(Records from a data source)
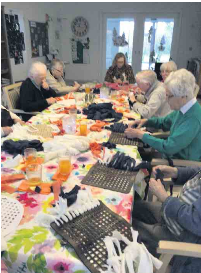
Das Kreativ-Team bei der Arbeit

Dort können sie einen Termin unter Tel. 05772 9797960 vereinbaren.
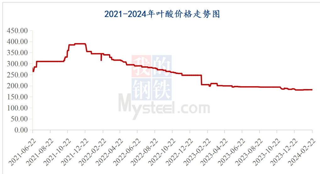
图 11 2021-2024 年叶酸价格走势图
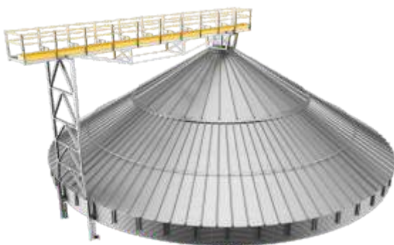
Vista geral da PAS-150 instalada

Passarela metálica leve, com ótima relação peso/comprimento, que garante condições para que os transportadores possam trabalhar de forma adequada na movimentação horizontal de grãos. É utilizada em aplicações com vãos de até 11m e fluxos de até 120t/h.
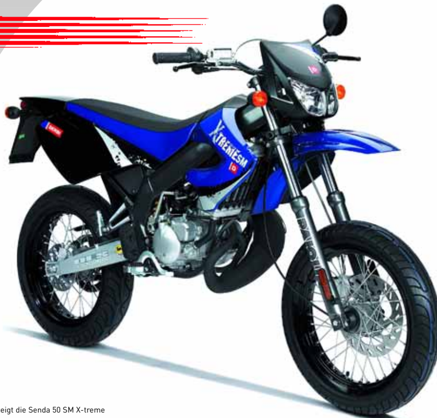
Abbildung zeigt die Senda 50 SM X-treme

Irrtümer und technische Änderungen vorbehalten. Abbildungen können vom Produkt abweichen.
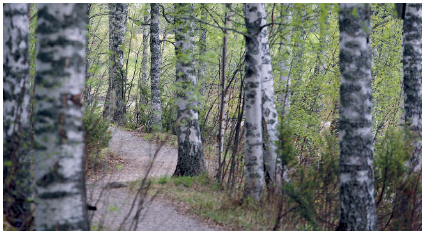
Stigen i Klikten.

Du plockar med dig ditt fynd som också pryds av ett bomärke. Om du träffar på länsman eller fjärdingsmännen förneka all kännedom om ditt innehav.
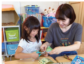
▲もうひとつの大きな家族 世代間交流のできる居場所づくり

提出時に事業内容の確認を行います。事前にご連絡の上、内容説明のできる方がお越し下さい。
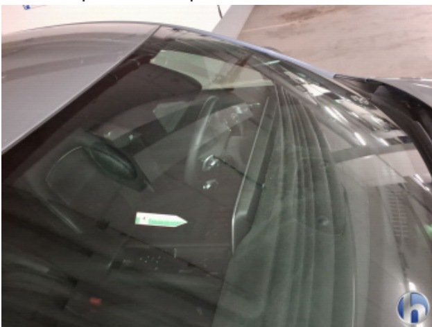
3. Windschutzscheibe Gebrauchsspuren - Ozonbehandlung
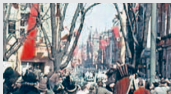
Großer Menschaufmarsch im Klagenfurter Stadtzentrum
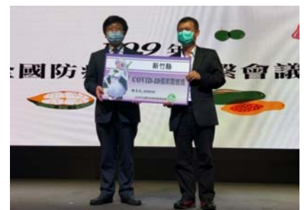
109.9.2本縣榮獲衛福部COVID-19防疫貢獻個案關懷獎等2大獎項
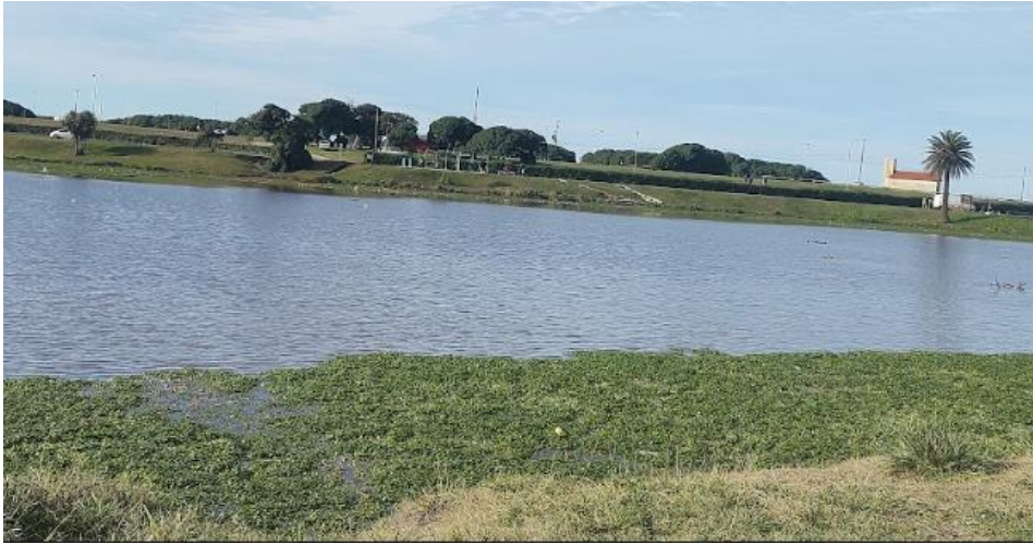
Figura 4. Curso bajo del arroyo La Tapera en Parque Camet
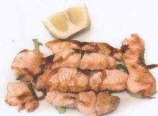
220. SALMONE GRIGLIATI CON SALSA TERIYAKI* solo 1 volta € 9,00
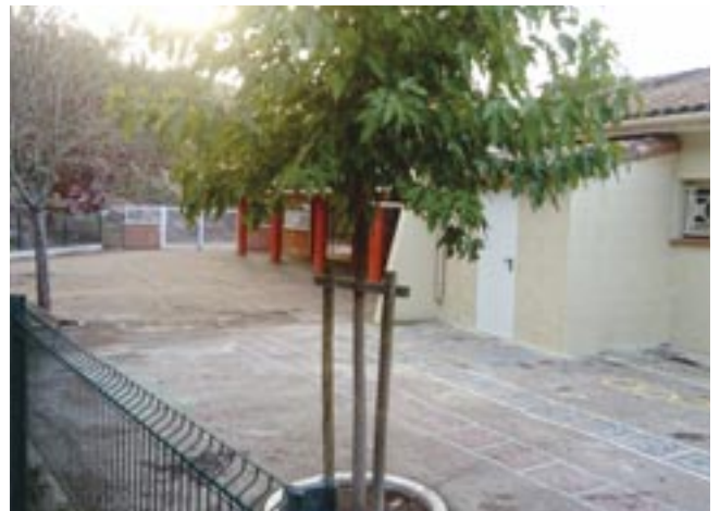
▲ Local de rangement à l'école
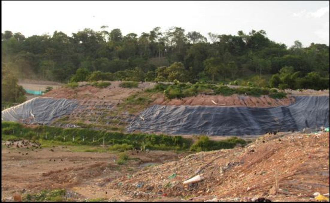
Ilustración 3. Obras de cierre, clausura y restauración ambiental incompletas.
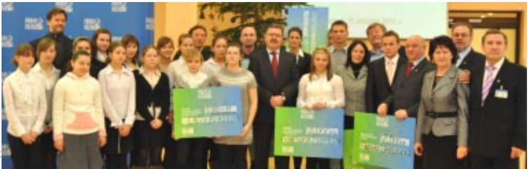
Nagrody sportowcom i trenerom wręczył Starosta Poznański oraz Radni Powiatu w Poznaniu
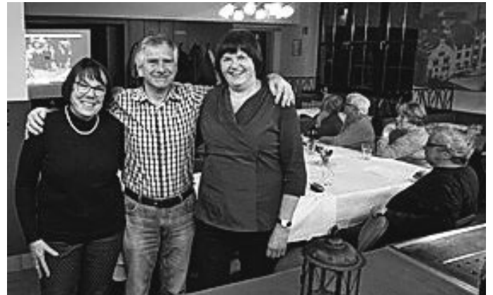
Wir freuen uns auf Euch !

Über eine rege Beteiligung würden wir uns sehr freuen.
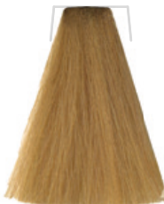
BIONDO CHIARISSIMO / SUPER LIGHT BLOND BLOND TRÈS CLAIR / RUBIO CLARÍSSIMO VELMI SVĚTLÁ BLOND / SEHR HELLES BLOND LOURO MUITO CLARO
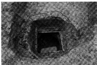
南トレンチ 井戸・SE-01 完掘状況 (西から)
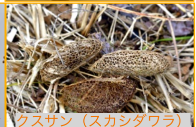
クスサン (スカシダワラ)
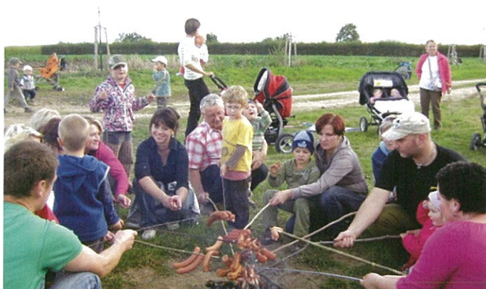
Dráčci se proletěli, my jsme se vydováděli...a už nám kručí v žaludku. Opékáme buřtíky... a pak jsme je všechny snědli ... mňam!
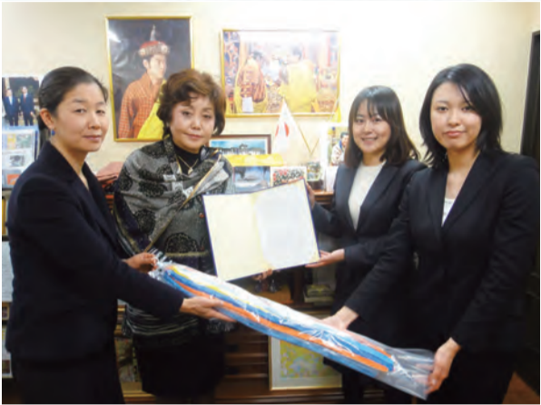
徳田名誉総領事に千羽鶴を贈る学習院女子大学のお2人
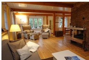
...gemütliche Couch, 2 Sessel und der Kamin - was braucht man mehr ?
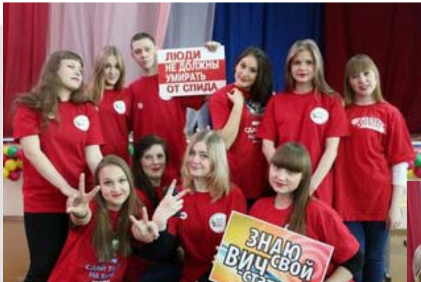
Студенты 1 курса специальности Сестринское дело
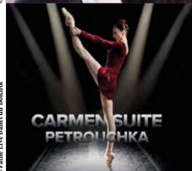
Ballet du Bolchoï
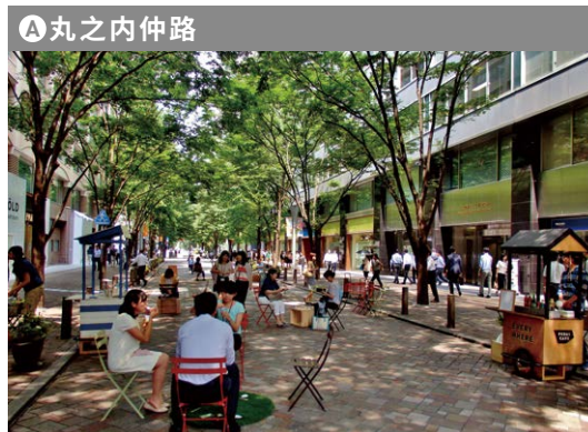
A 丸之内仲路 行人专用道路时间段 工作日: 上午11点~下午3点 节假日: 上午11点~下午5点
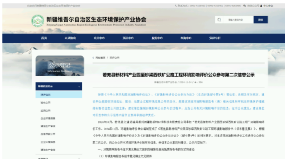
图3 公众参与第二次信息公告网络公示截图

网络公开选择的载体、公示内容、格式和公开时间均符合《环境影响评价公众参与办法》的相关要求，第二次信息公告网络公示截图见图3。

### Your instructions
Total the lines of the data that include the word "freuen", and give that total as the sole response.

### Result of this exercise
2